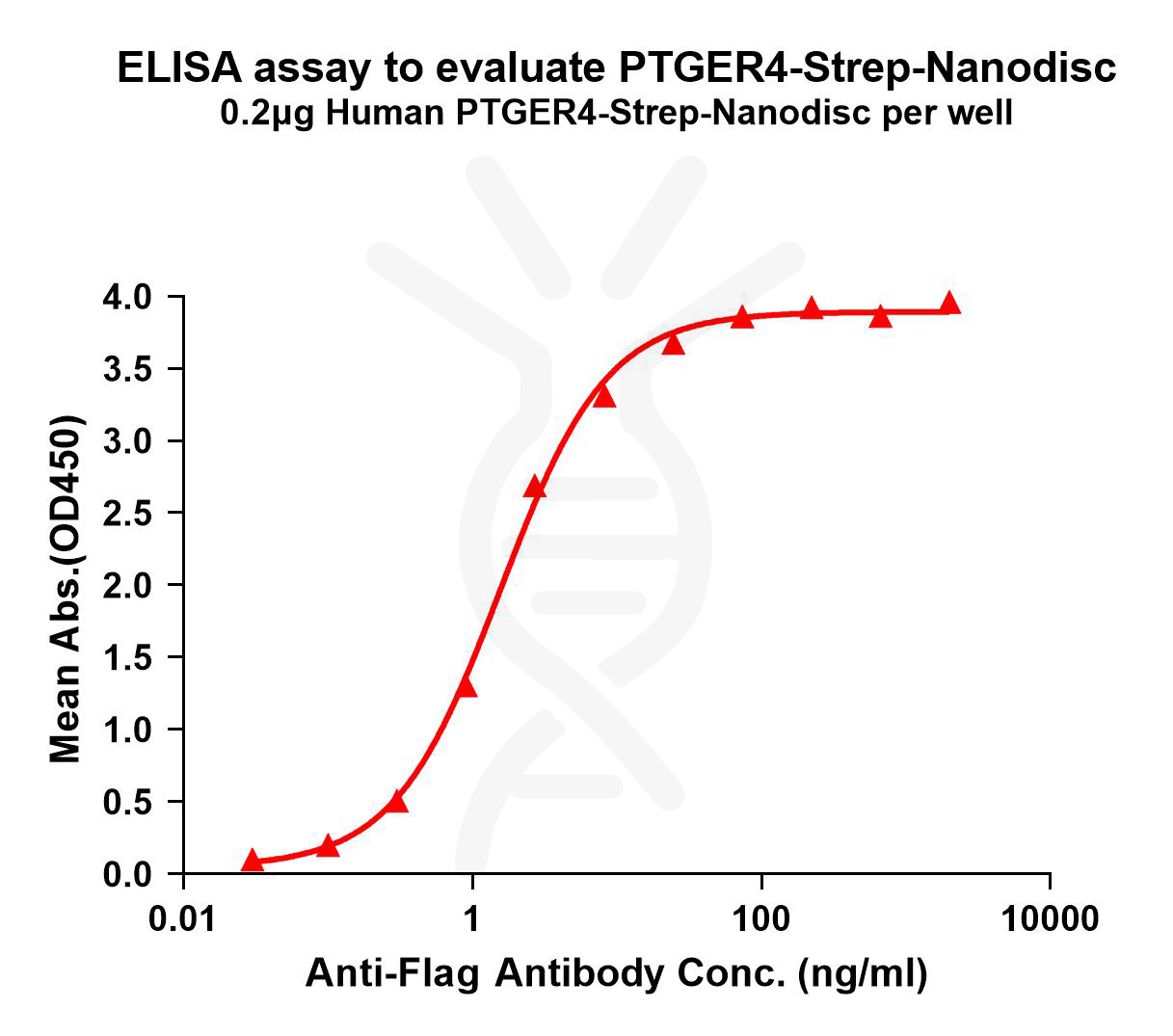 Figure 1. Elisa plates were pre-coated with C-Flag&Strep Tag PTGER4-Strep-Nanodisc (0.2μg/per well). Serial diluted anti-Flag monoclonal antibody solutions were added, washed, and incubated with secondary antibody before Elisa reading. From above data, the EC50 for anti-Flag monoclonal antibody binding with PTGER4-Strep-nanodisc is 1.566ng/ml.
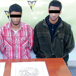 المتهمان إلى جانب المخدرات المضبوطة. من المصدر
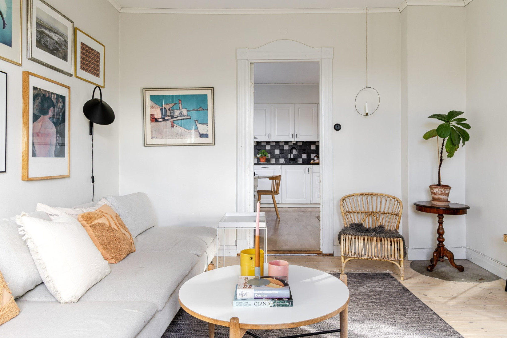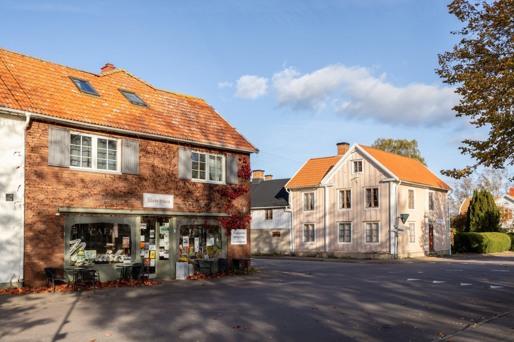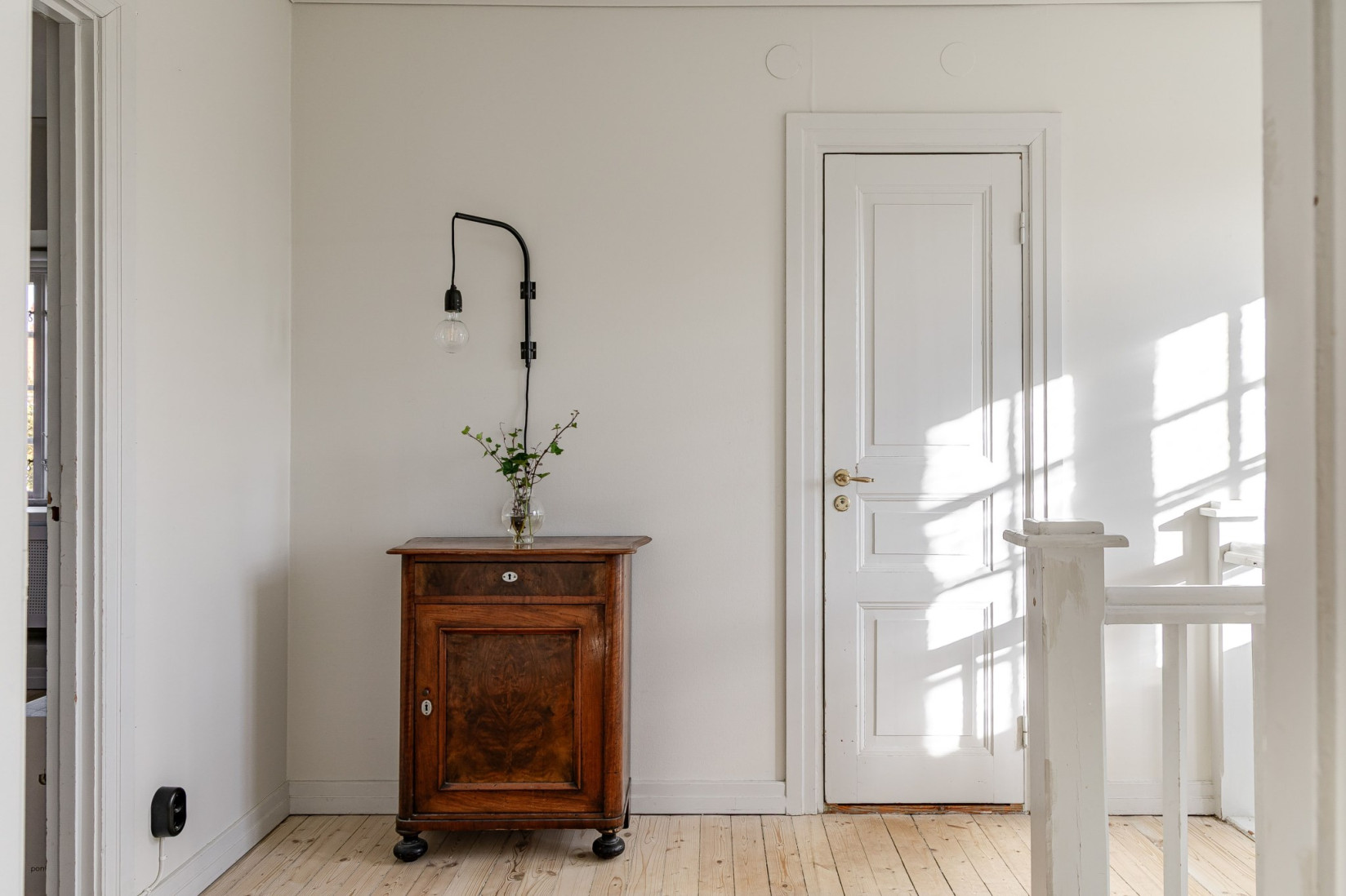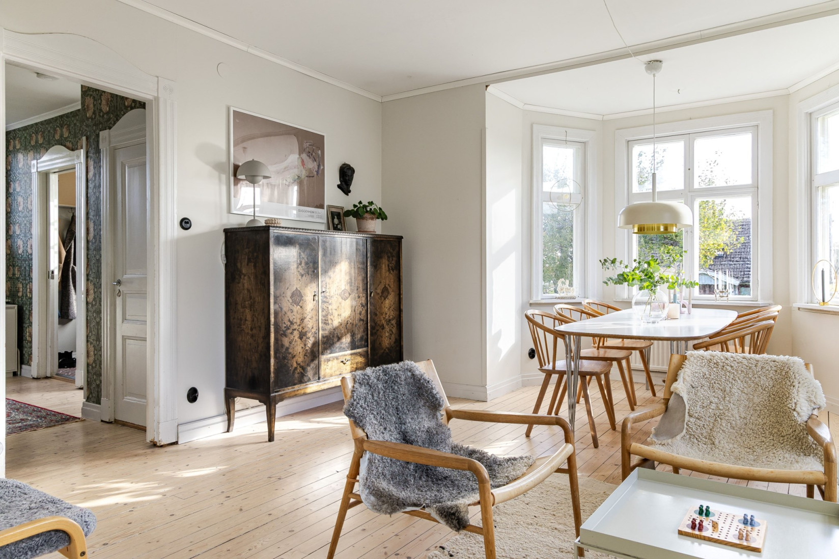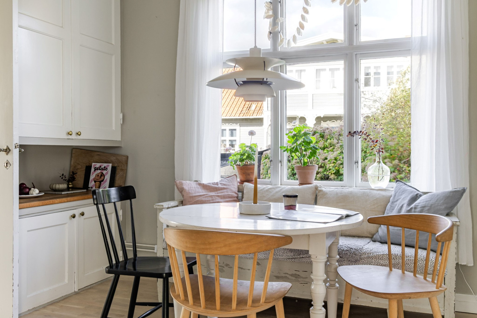 Hallen leder dig vidare till köket, där stilrena materialval och moderna funktioner möter äldre tiders charm på ett harmoniskt sätt. Här råder en hemtrevlig och varm atmosfär, ett rum att trivas i till vardags såväl som vid långdragna middagar. Ett större matbord ryms utan problem framför fönstret som vetter ut mot den lummiga baksidan. Köket är utrustat med kyl/frys, fläkt, häll, ugn och diskmaskin.
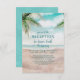 Cena de Praia Pintada Ilha Brisa, com Ondas do Oceano, Praia Arenosa e Palmeiras, com um Céu Azul Teal Lindo. Com Fontes de Letra de Tipografia Moderna. Uma Praia Tropical de Verão, Ou design de casamento de destino - Convite de Recepção de Casamento Personalizado!
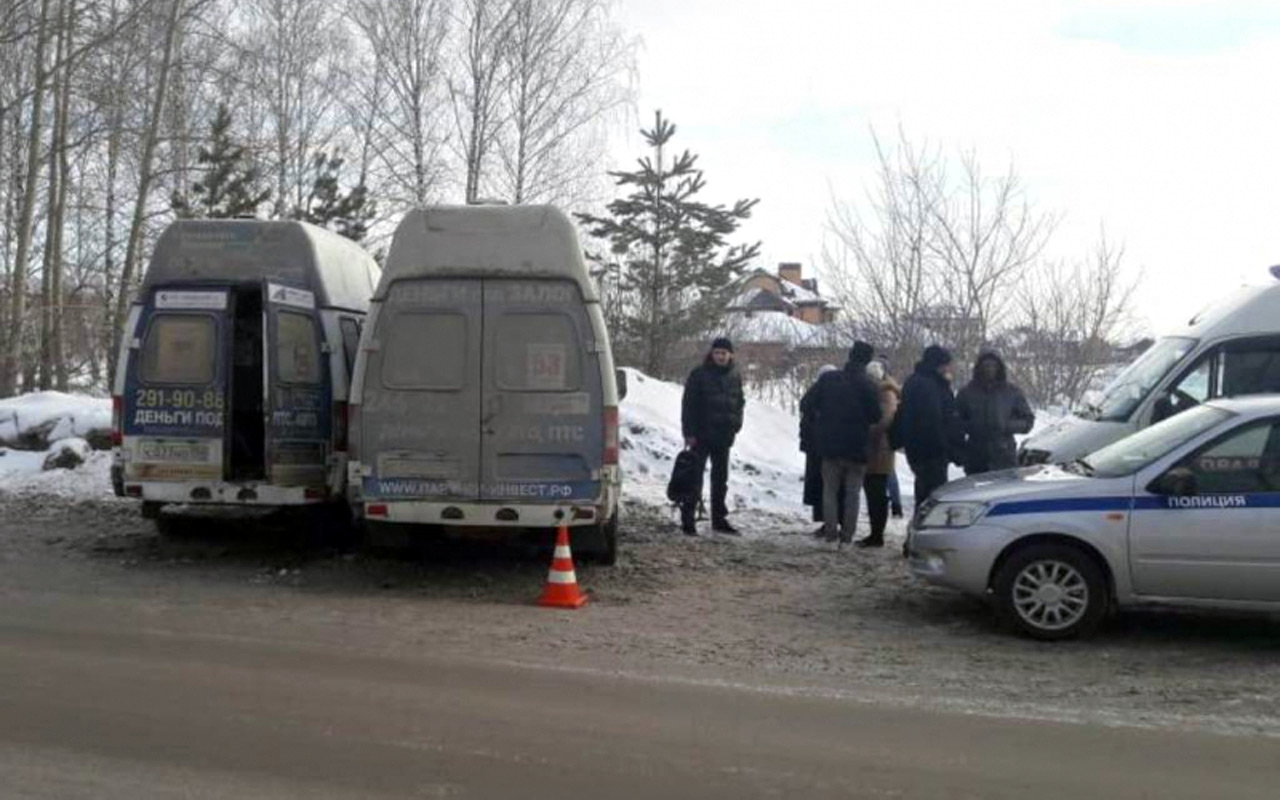 В Заельцовском районе Новосибирска произошла авария двух маршрутных такси. Один из автобусов выехал на полосу встречного движения, где столкнулся с другим автобусом, перевозившим пассажиров.
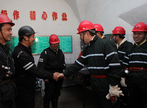 隨后,華煒又來(lái)到王村煤礦,深入井下檢查指導(dǎo)安全生產(chǎn)工作。在井下,華煒對(duì)陪同的礦領(lǐng)導(dǎo)說(shuō),煤礦是個(gè)高危的行業(yè),要把安全工作放在首位,一定要在保證安全的情況下生產(chǎn),只有保證安全才能取得最大的效益。在井下中央變電所,華煒和每個(gè)職工親切的握手問(wèn)候,詳細(xì)詢問(wèn)了他們的收入和生活情況,叮囑他們要嚴(yán)守操作規(guī)程,確保安全生產(chǎn)。 (韓宏偉何武宏)
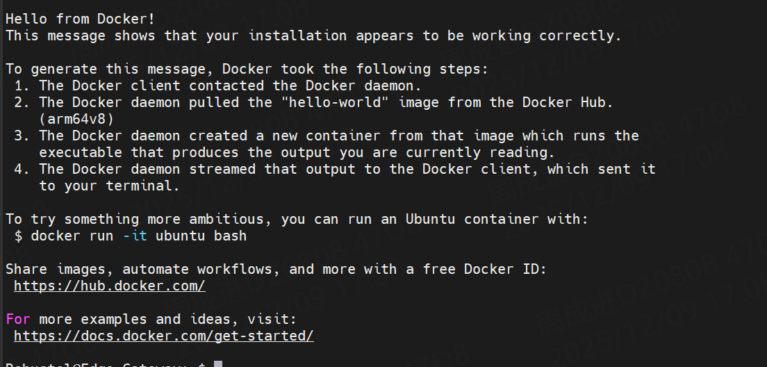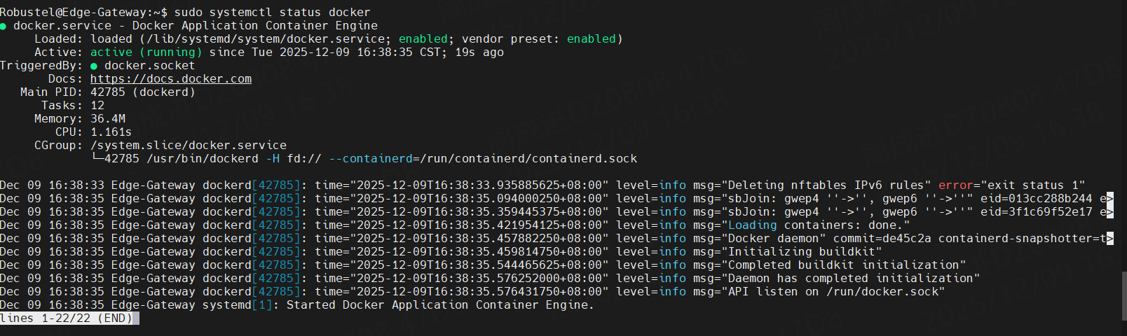 https://download.docker.com/linux/debian/dists/bullseye/pool/stable/arm64/arm64 for EG series)..deb files to the gateway.sudo dpkg -i package_name.debAfter installation, it is critical to verify that the Docker service is active and capable of running containers.
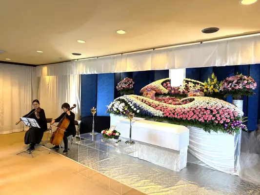 生花祭壇(フラワー祭壇)と生演奏で大切な人をお見送りのお手伝いをさせていただきます
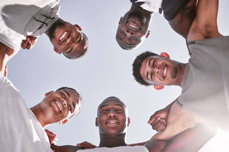 Portrait of sporty men from below joining in huddle for support and unity. Group of cheerful friends and motivated athletes collaborating together in solidarity as a happy team and diverse community
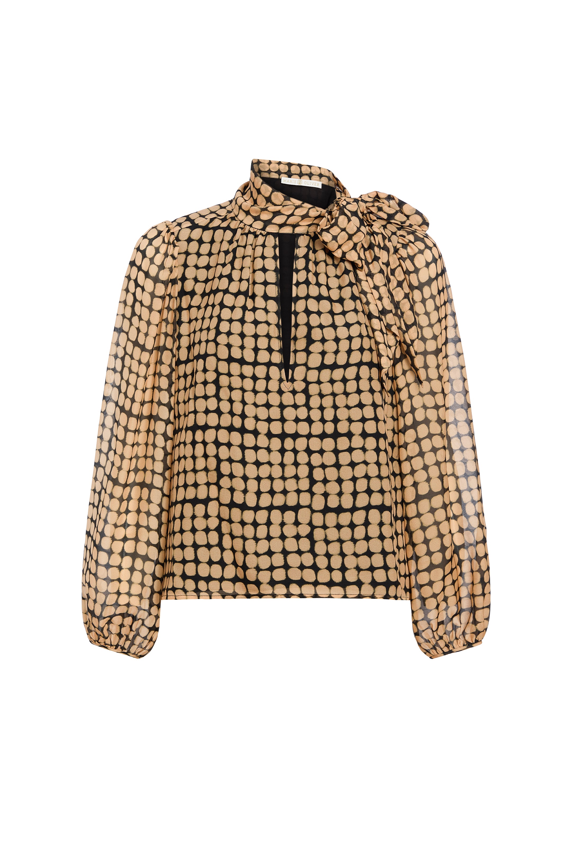 A modern take on the classic pussy-bow blouse, Vivianne stands out with a plunging keyhole neckline and the subtle metallic sheen of airy silk chiffon. Its black-and-gold dot motif evokes raindrops glistening in the evening light, or the soft glow of twinkle lights through a window on a winter night. For a head-to-toe effect, style with the matching Krista skirt.
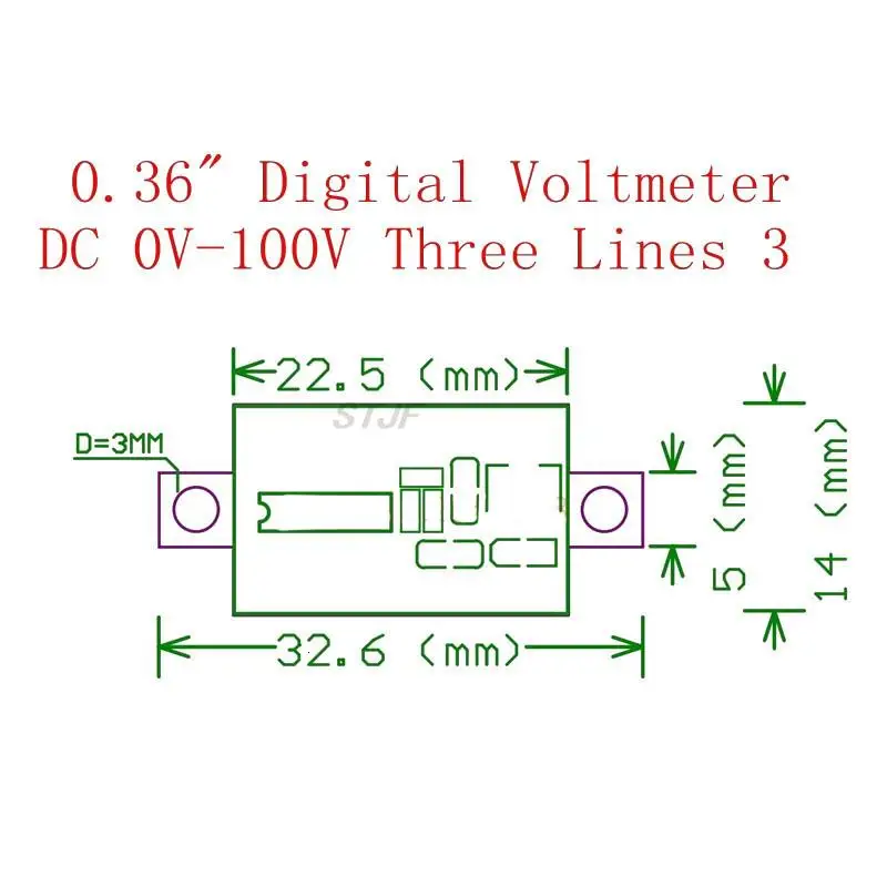 The voltmeter is small, only 0.36 inches, range DC DC0-100V, 2 and 3-wire generic products, to break the routine voltmeter, is the latest design, can work directly on 5V, 9V, 12V, 24V and other circuits, without regulation. With three wiring, easy access to car / battery car / motorcycle car line, with reverse polarity protection function, line reversed not burn. Used to monitor battery voltage, grasp the battery voltage state, it can also be used for other products voltage measurement applications.

========

= What the exercise asks =
Line by line, output the material above exactly, passing over the pictures.

= Exercise answer =
 Figure 1. Elisa plates were pre-coated with C-Flag&Strep Tag PTGER4-Strep-Nanodisc (0.2μg/per well). Serial diluted anti-Flag monoclonal antibody solutions were added, washed, and incubated with secondary antibody before Elisa reading. From above data, the EC50 for anti-Flag monoclonal antibody binding with PTGER4-Strep-nanodisc is 1.566ng/ml.
 المتهمان إلى جانب المخدرات المضبوطة. من المصدر
 Hallen leder dig vidare till köket, där stilrena materialval och moderna funktioner möter äldre tiders charm på ett harmoniskt sätt. Här råder en hemtrevlig och varm atmosfär, ett rum att trivas i till vardags såväl som vid långdragna middagar. Ett större matbord ryms utan problem framför fönstret som vetter ut mot den lummiga baksidan. Köket är utrustat med kyl/frys, fläkt, häll, ugn och diskmaskin.
 Cena de Praia Pintada Ilha Brisa, com Ondas do Oceano, Praia Arenosa e Palmeiras, com um Céu Azul Teal Lindo. Com Fontes de Letra de Tipografia Moderna. Uma Praia Tropical de Verão, Ou design de casamento de destino - Convite de Recepção de Casamento Personalizado!
 В Заельцовском районе Новосибирска произошла авария двух маршрутных такси. Один из автобусов выехал на полосу встречного движения, где столкнулся с другим автобусом, перевозившим пассажиров.
 隨后,華煒又來(lái)到王村煤礦,深入井下檢查指導(dǎo)安全生產(chǎn)工作。在井下,華煒對(duì)陪同的礦領(lǐng)導(dǎo)說(shuō),煤礦是個(gè)高危的行業(yè),要把安全工作放在首位,一定要在保證安全的情況下生產(chǎn),只有保證安全才能取得最大的效益。在井下中央變電所,華煒和每個(gè)職工親切的握手問(wèn)候,詳細(xì)詢問(wèn)了他們的收入和生活情況,叮囑他們要嚴(yán)守操作規(guī)程,確保安全生產(chǎn)。 (韓宏偉何武宏)
 https://download.docker.com/linux/debian/dists/bullseye/pool/stable/arm64/arm64 for EG series)..deb files to the gateway.sudo dpkg -i package_name.debAfter installation, it is critical to verify that the Docker service is active and capable of running containers.
 生花祭壇(フラワー祭壇)と生演奏で大切な人をお見送りのお手伝いをさせていただきます
 Portrait of sporty men from below joining in huddle for support and unity. Group of cheerful friends and motivated athletes collaborating together in solidarity as a happy team and diverse community
 A modern take on the classic pussy-bow blouse, Vivianne stands out with a plunging keyhole neckline and the subtle metallic sheen of airy silk chiffon. Its black-and-gold dot motif evokes raindrops glistening in the evening light, or the soft glow of twinkle lights through a window on a winter night. For a head-to-toe effect, style with the matching Krista skirt.
 The voltmeter is small, only 0.36 inches, range DC DC0-100V, 2 and 3-wire generic products, to break the routine voltmeter, is the latest design, can work directly on 5V, 9V, 12V, 24V and other circuits, without regulation. With three wiring, easy access to car / battery car / motorcycle car line, with reverse polarity protection function, line reversed not burn. Used to monitor battery voltage, grasp the battery voltage state, it can also be used for other products voltage measurement applications.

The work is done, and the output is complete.